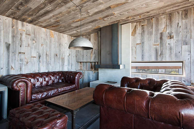ファイヤーピット(オリジナルデザイン暖炉)を中心にシックにまとめられた、ヴィンテージ感のある空間です。
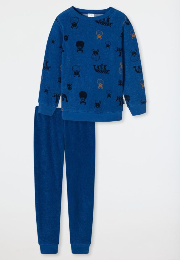Schlafanzug Lang Frottee Organic Cotton Bündchen Wikinger Blau Boys World Blau | Kinder SCHIESSER Nachtwäsche
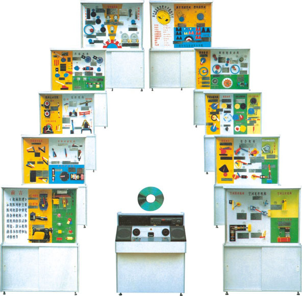 《機(jī)械原理》展示柜是根據(jù)大、中專院校、枝校、職業(yè)學(xué)校的機(jī)械原理教學(xué)大綱設(shè)計(jì)的電化教學(xué)設(shè)備。本套展示柜共分十個(gè)柜。
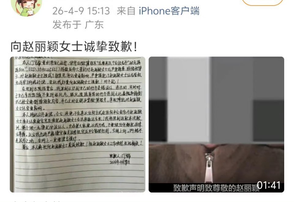 赵丽颖告黑了,黑粉手写道歉信并录制视频道歉!!!这个好像是当抽中赵丽颖代言的品牌签名照还挑衅丽芬说去告我,结果被注意到直接上被告席了
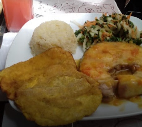 Acompañada de papa criolla, arroz y ensalada de la casa.
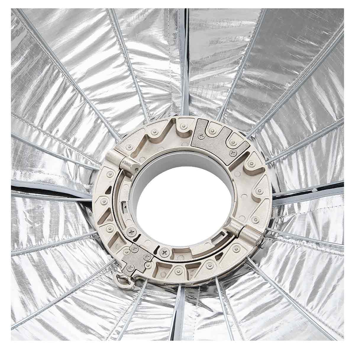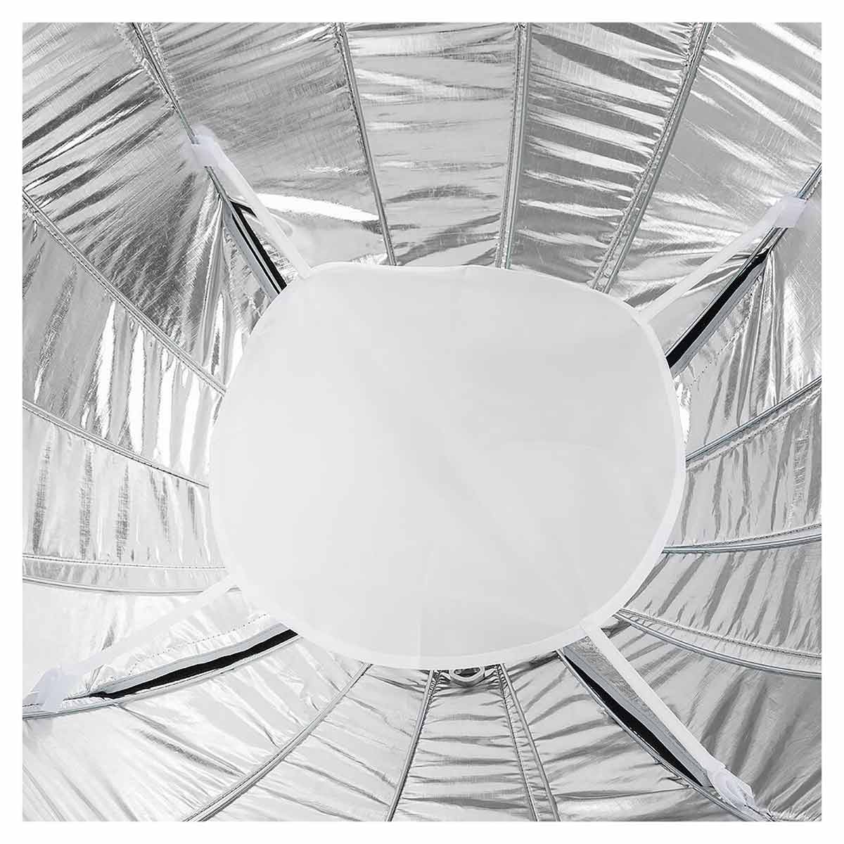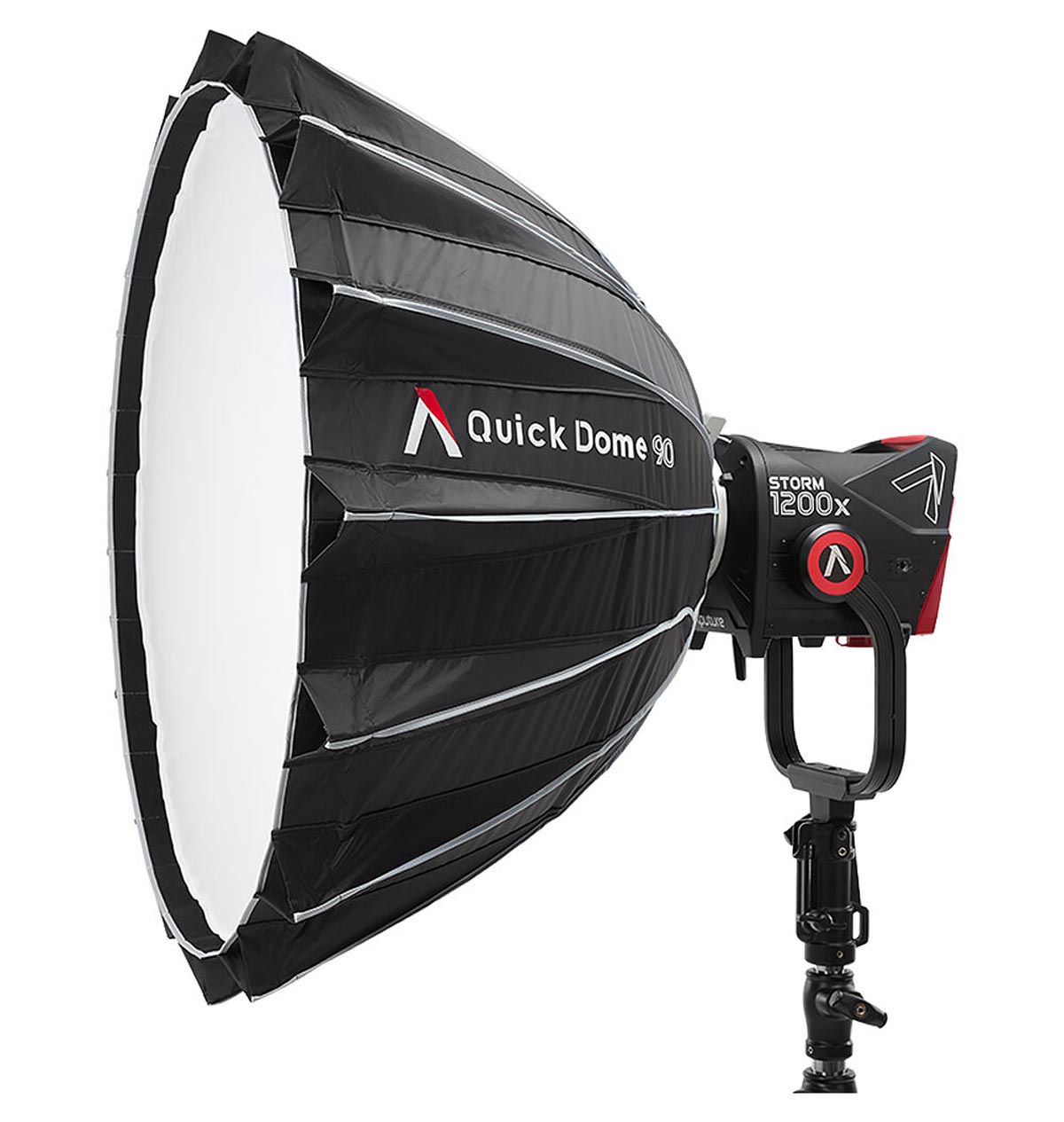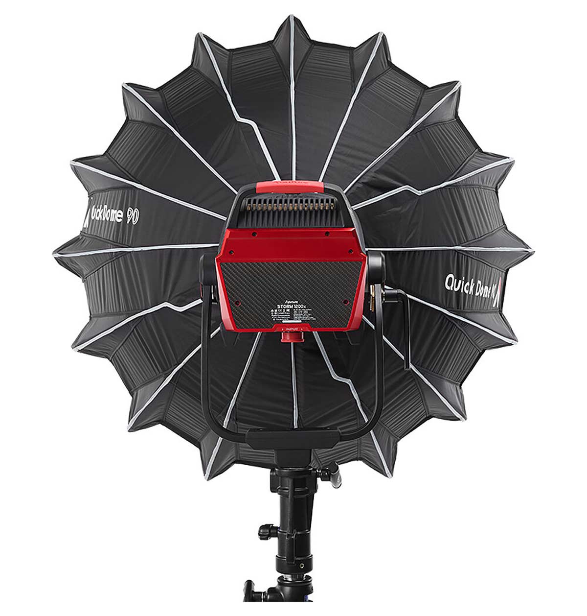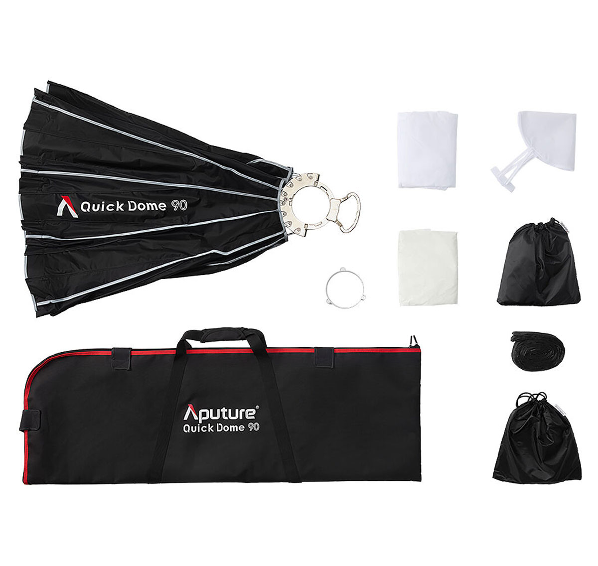 Aputure Quick Dome 90 je 90 cm Bowens‑mount softbox modifikator svetla koji pretvara direktno LED svetlo u široko, mekano i ujednačeno osvetljenje sa minimalnim neželjenim senkama zahvaljujući jednostavnom sistemu sklapanja i laganom dizajnu omogućava brzo postavljanje i prilagođavanje na setu, što ga čini pogodnim za portrete, video, produkt fotografiju i druge kreativne svetlosne aplikacije.
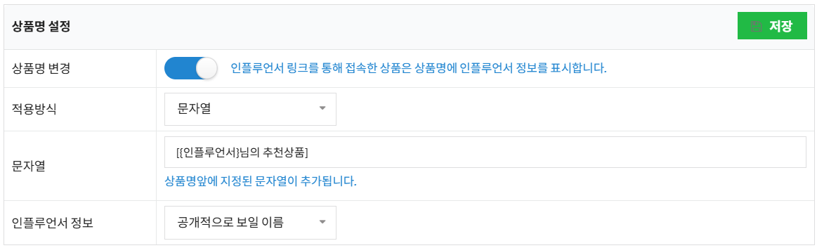인플루언서를 통해 접속한 상품의 상품명에 인플루언서 정보를 표시하려면 활성화 합니다.

YOUR TASK:
A word-for-word copy of the lines from the one containing "赵丽颖告黑了,黑粉手写道歉信" through the last line of the records is what is wanted, without pictures and without any other line.

REPLY TO THE TASK:
 赵丽颖告黑了,黑粉手写道歉信并录制视频道歉!!!这个好像是当抽中赵丽颖代言的品牌签名照还挑衅丽芬说去告我,结果被注意到直接上被告席了
 Acompañada de papa criolla, arroz y ensalada de la casa.
 Aputure Quick Dome 90 je 90 cm Bowens‑mount softbox modifikator svetla koji pretvara direktno LED svetlo u široko, mekano i ujednačeno osvetljenje sa minimalnim neželjenim senkama zahvaljujući jednostavnom sistemu sklapanja i laganom dizajnu omogućava brzo postavljanje i prilagođavanje na setu, što ga čini pogodnim za portrete, video, produkt fotografiju i druge kreativne svetlosne aplikacije.
인플루언서를 통해 접속한 상품의 상품명에 인플루언서 정보를 표시하려면 활성화 합니다.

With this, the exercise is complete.